BEGIN Data to process

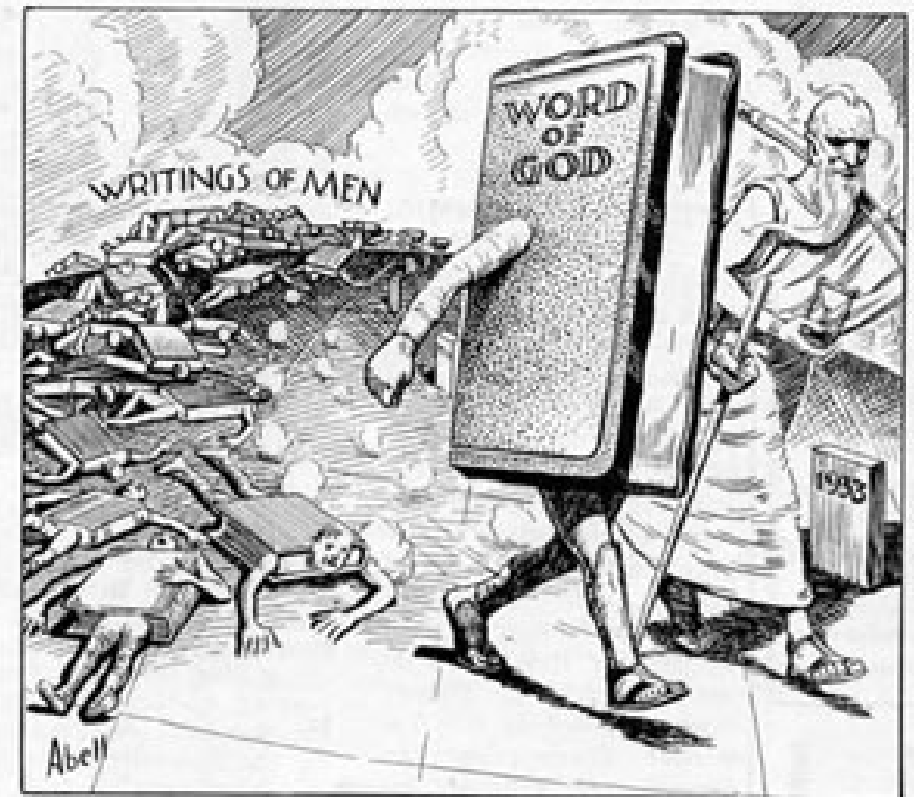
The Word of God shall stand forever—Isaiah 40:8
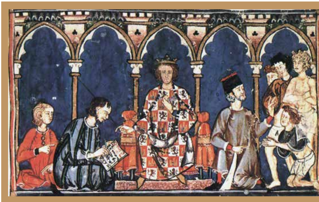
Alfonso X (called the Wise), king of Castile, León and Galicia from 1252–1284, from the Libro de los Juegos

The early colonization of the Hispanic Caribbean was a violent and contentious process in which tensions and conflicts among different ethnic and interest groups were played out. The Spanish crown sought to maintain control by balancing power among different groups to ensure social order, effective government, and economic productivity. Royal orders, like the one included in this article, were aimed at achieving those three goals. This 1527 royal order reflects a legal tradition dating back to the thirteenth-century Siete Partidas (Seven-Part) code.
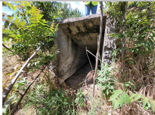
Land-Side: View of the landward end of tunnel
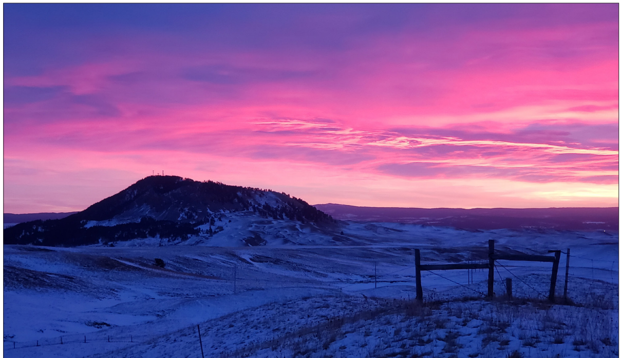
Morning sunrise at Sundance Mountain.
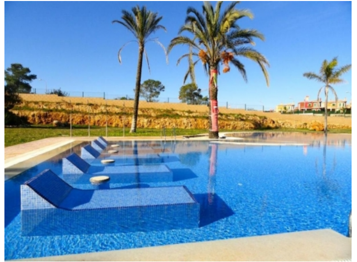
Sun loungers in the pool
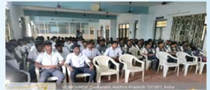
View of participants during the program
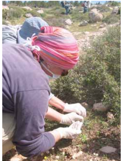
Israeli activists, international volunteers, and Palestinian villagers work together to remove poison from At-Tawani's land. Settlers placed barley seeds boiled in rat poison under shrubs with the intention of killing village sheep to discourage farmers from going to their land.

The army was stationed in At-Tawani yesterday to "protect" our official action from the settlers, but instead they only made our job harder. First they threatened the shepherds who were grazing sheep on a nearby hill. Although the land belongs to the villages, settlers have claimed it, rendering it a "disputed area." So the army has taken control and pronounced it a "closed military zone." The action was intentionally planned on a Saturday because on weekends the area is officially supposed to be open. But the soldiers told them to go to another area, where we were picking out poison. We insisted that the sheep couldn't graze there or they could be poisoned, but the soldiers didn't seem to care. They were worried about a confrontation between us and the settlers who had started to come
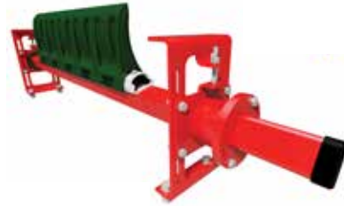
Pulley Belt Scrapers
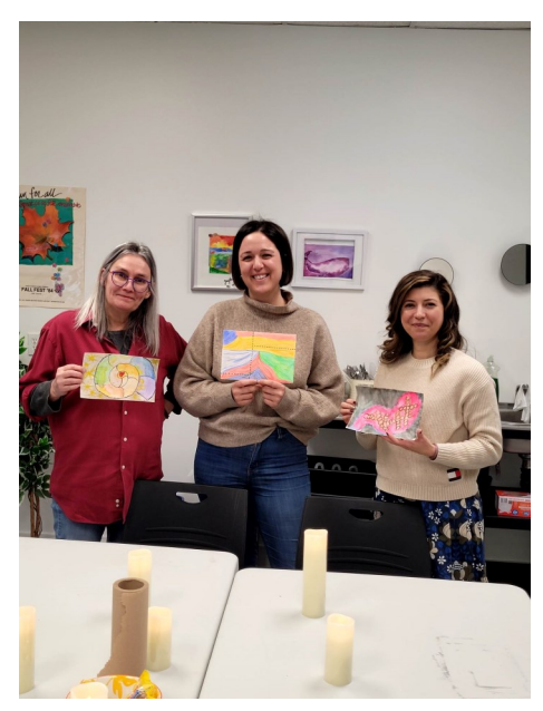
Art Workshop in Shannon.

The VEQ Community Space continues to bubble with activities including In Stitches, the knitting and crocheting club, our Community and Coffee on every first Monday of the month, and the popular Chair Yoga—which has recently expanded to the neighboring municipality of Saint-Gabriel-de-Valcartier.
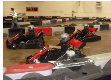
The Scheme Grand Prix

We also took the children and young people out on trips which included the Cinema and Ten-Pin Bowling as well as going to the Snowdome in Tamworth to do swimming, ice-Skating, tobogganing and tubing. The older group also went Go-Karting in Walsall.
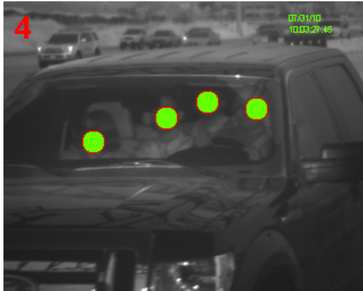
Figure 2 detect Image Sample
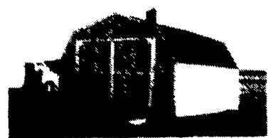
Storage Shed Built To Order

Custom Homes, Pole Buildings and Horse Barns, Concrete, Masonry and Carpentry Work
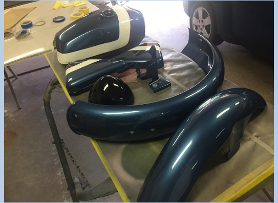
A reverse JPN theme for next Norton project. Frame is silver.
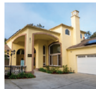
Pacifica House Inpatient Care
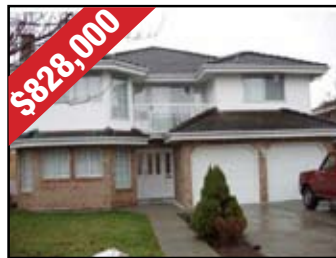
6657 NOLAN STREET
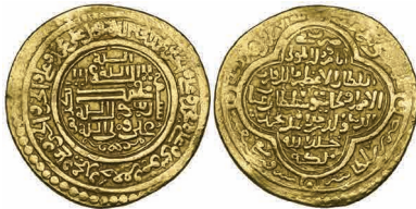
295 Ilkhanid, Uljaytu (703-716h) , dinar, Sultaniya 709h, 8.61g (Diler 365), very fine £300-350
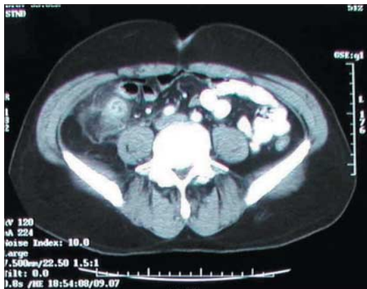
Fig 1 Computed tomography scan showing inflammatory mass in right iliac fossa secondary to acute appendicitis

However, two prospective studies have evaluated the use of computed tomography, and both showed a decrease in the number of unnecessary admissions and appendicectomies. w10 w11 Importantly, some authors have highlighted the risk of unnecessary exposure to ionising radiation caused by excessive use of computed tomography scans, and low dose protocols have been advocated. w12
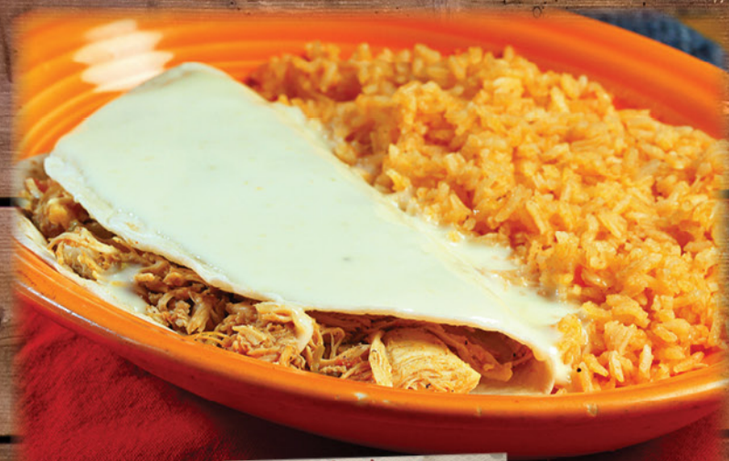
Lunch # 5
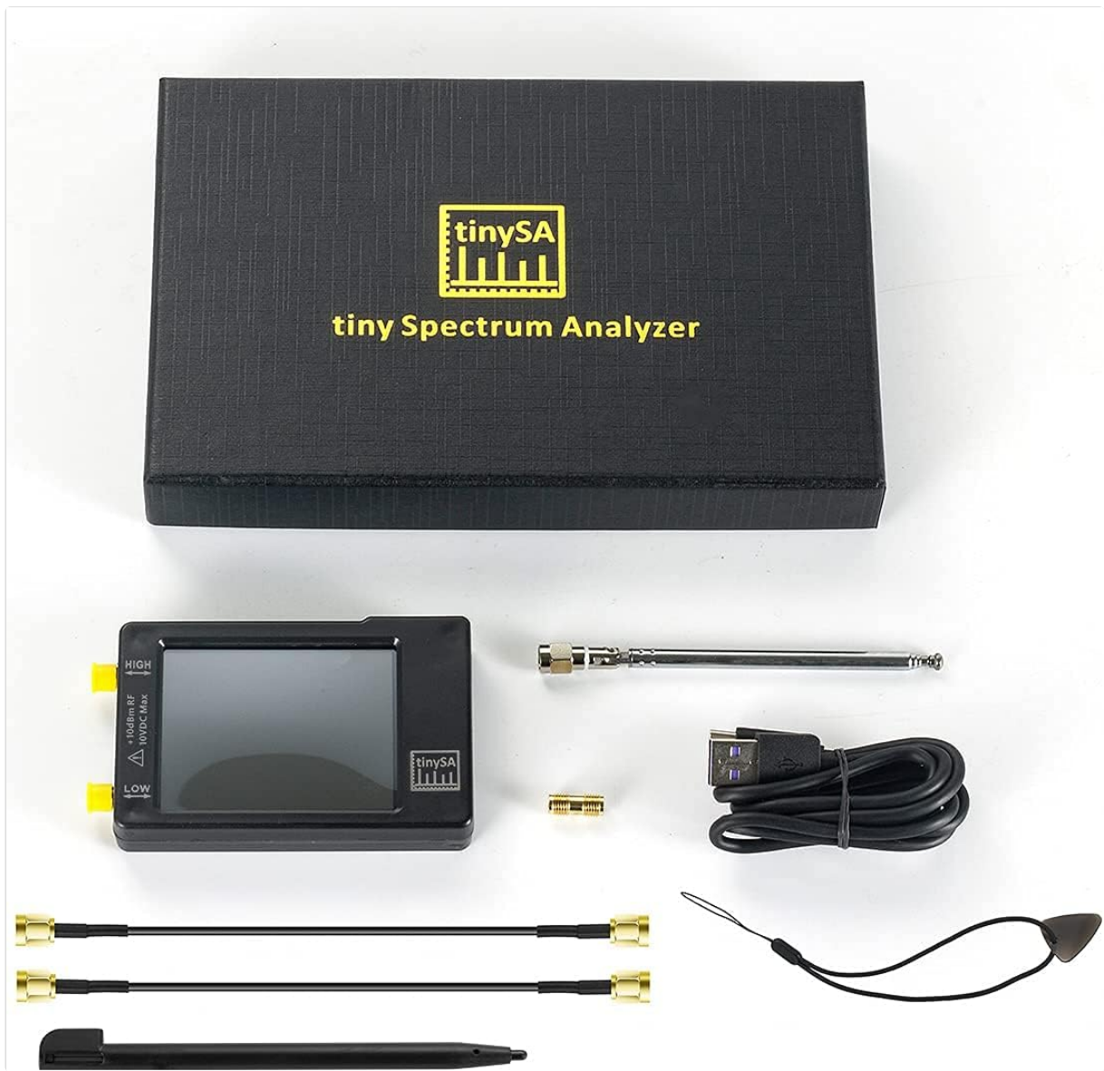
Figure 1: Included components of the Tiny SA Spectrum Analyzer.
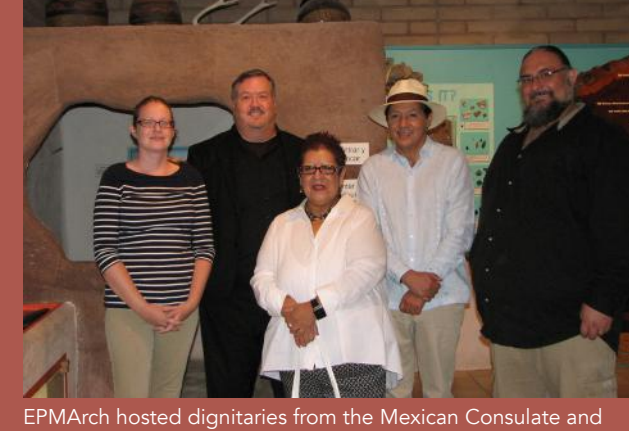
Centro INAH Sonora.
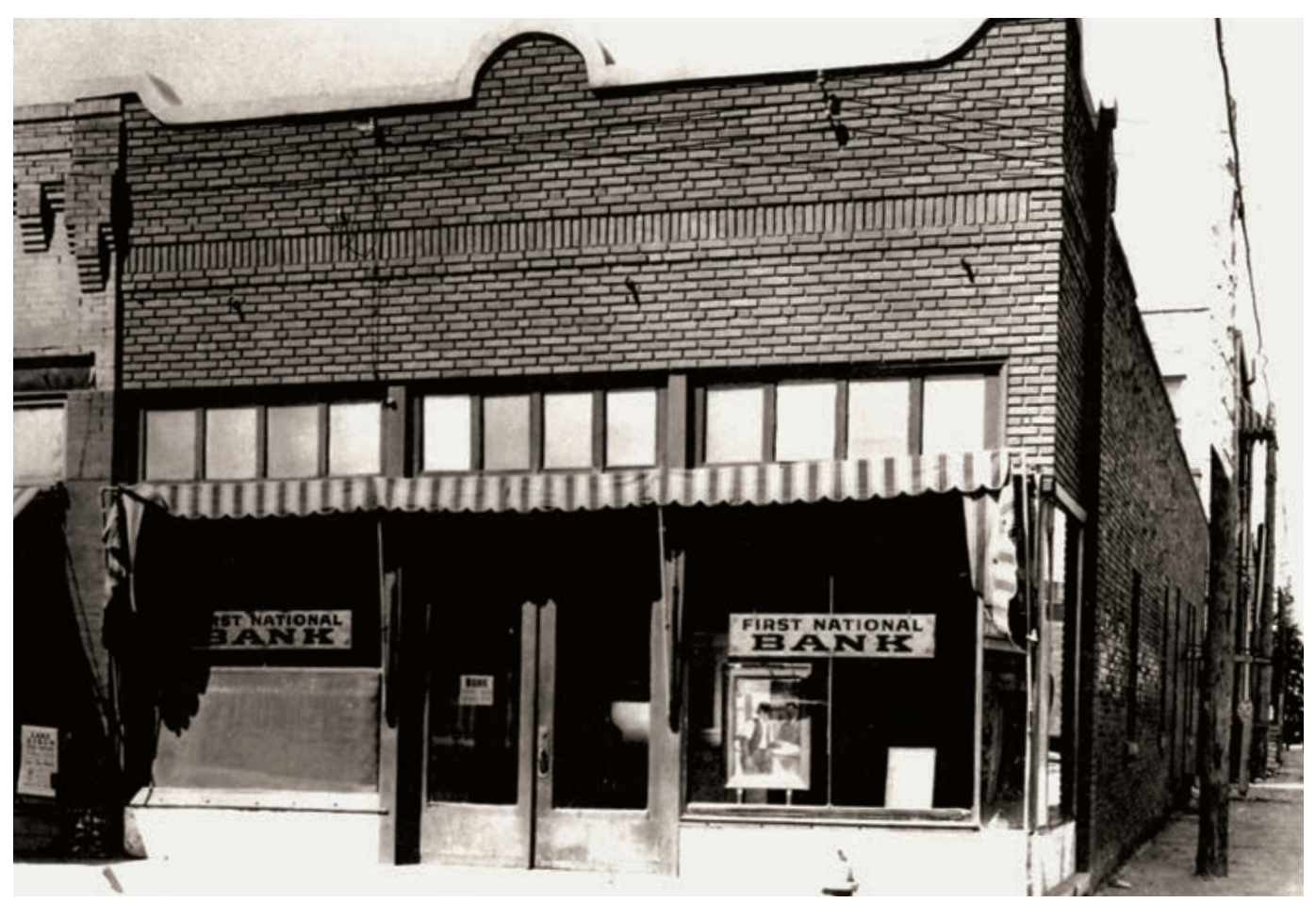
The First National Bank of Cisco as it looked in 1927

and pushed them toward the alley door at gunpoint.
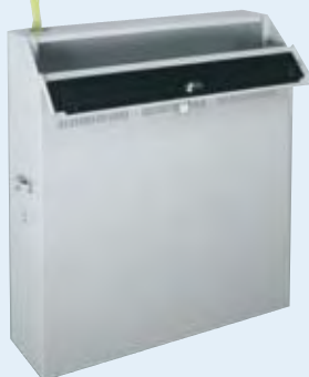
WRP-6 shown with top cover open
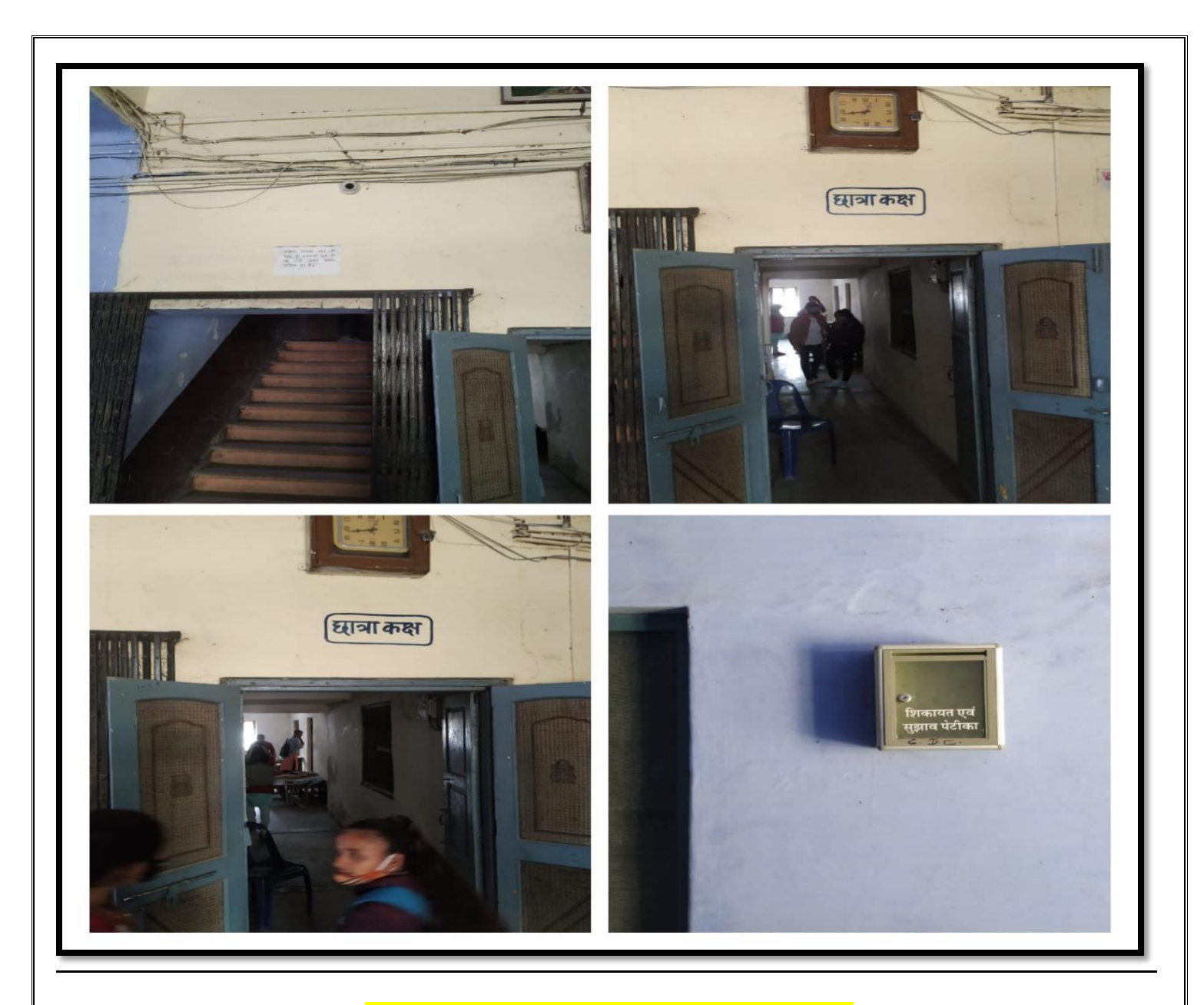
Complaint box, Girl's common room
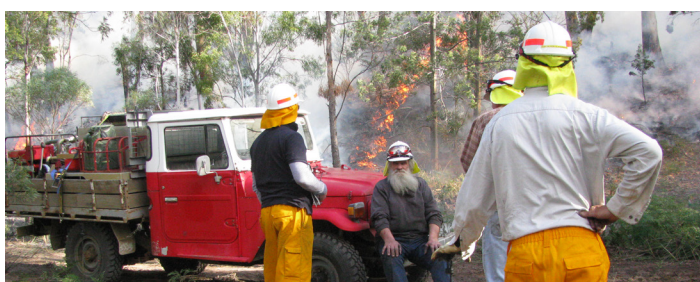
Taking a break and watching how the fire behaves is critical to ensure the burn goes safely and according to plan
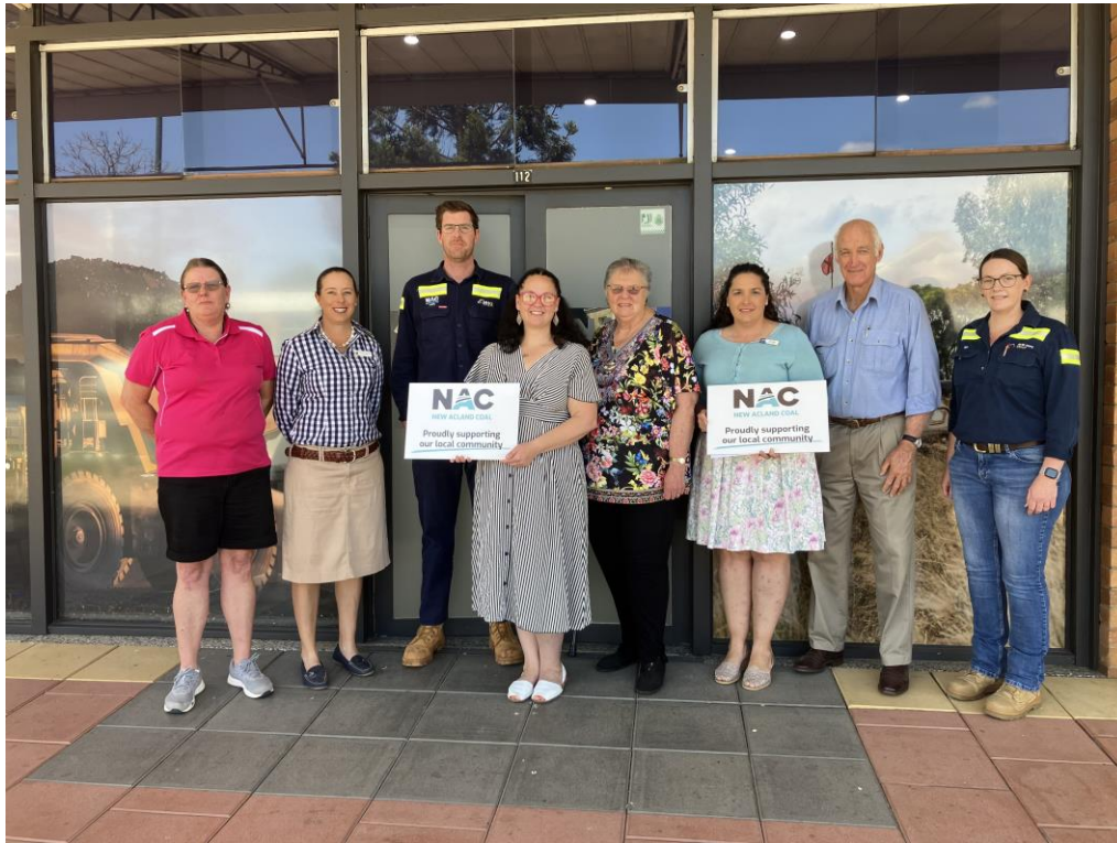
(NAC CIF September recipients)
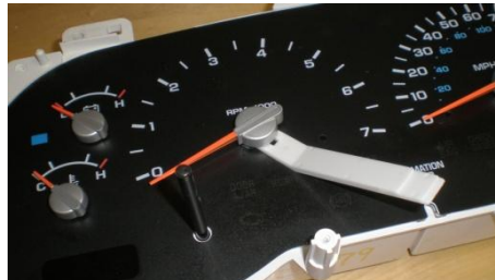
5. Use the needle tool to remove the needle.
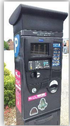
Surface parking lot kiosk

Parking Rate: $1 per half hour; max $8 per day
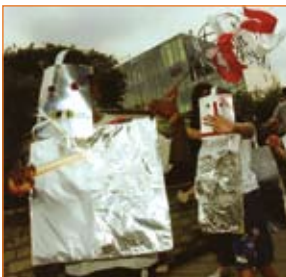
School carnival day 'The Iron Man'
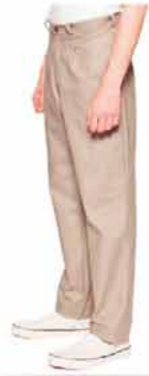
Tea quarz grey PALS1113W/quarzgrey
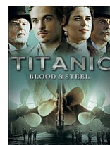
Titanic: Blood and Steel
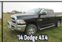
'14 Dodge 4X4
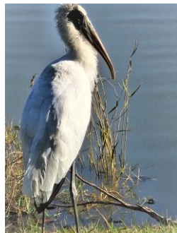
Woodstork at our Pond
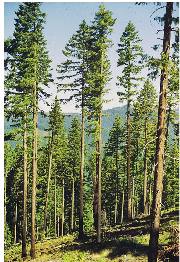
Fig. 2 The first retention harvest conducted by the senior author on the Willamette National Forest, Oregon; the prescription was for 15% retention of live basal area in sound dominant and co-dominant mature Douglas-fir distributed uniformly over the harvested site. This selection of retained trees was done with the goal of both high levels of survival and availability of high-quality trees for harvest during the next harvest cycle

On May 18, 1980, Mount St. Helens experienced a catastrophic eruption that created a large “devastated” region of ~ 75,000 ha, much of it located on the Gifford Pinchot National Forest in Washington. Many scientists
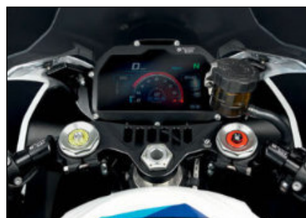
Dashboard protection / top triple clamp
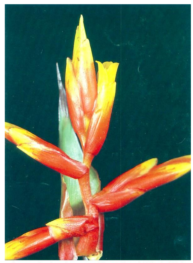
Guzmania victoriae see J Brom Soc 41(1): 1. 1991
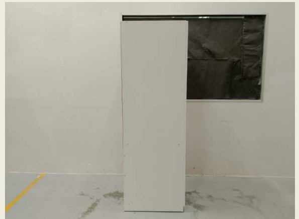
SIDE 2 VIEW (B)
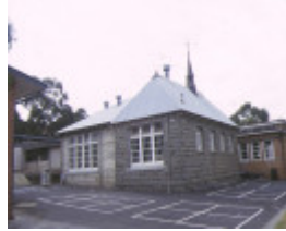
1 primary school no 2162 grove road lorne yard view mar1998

END Data to process

Problem description:
Go through the data and show every line where "poison" occurs.

Answer to the problem:
Israeli activists, international volunteers, and Palestinian villagers work together to remove poison from At-Tawani's land. Settlers placed barley seeds boiled in rat poison under shrubs with the intention of killing village sheep to discourage farmers from going to their land.
The army was stationed in At-Tawani yesterday to "protect" our official action from the settlers, but instead they only made our job harder. First they threatened the shepherds who were grazing sheep on a nearby hill. Although the land belongs to the villages, settlers have claimed it, rendering it a "disputed area." So the army has taken control and pronounced it a "closed military zone." The action was intentionally planned on a Saturday because on weekends the area is officially supposed to be open. But the soldiers told them to go to another area, where we were picking out poison. We insisted that the sheep couldn't graze there or they could be poisoned, but the soldiers didn't seem to care. They were worried about a confrontation between us and the settlers who had started to come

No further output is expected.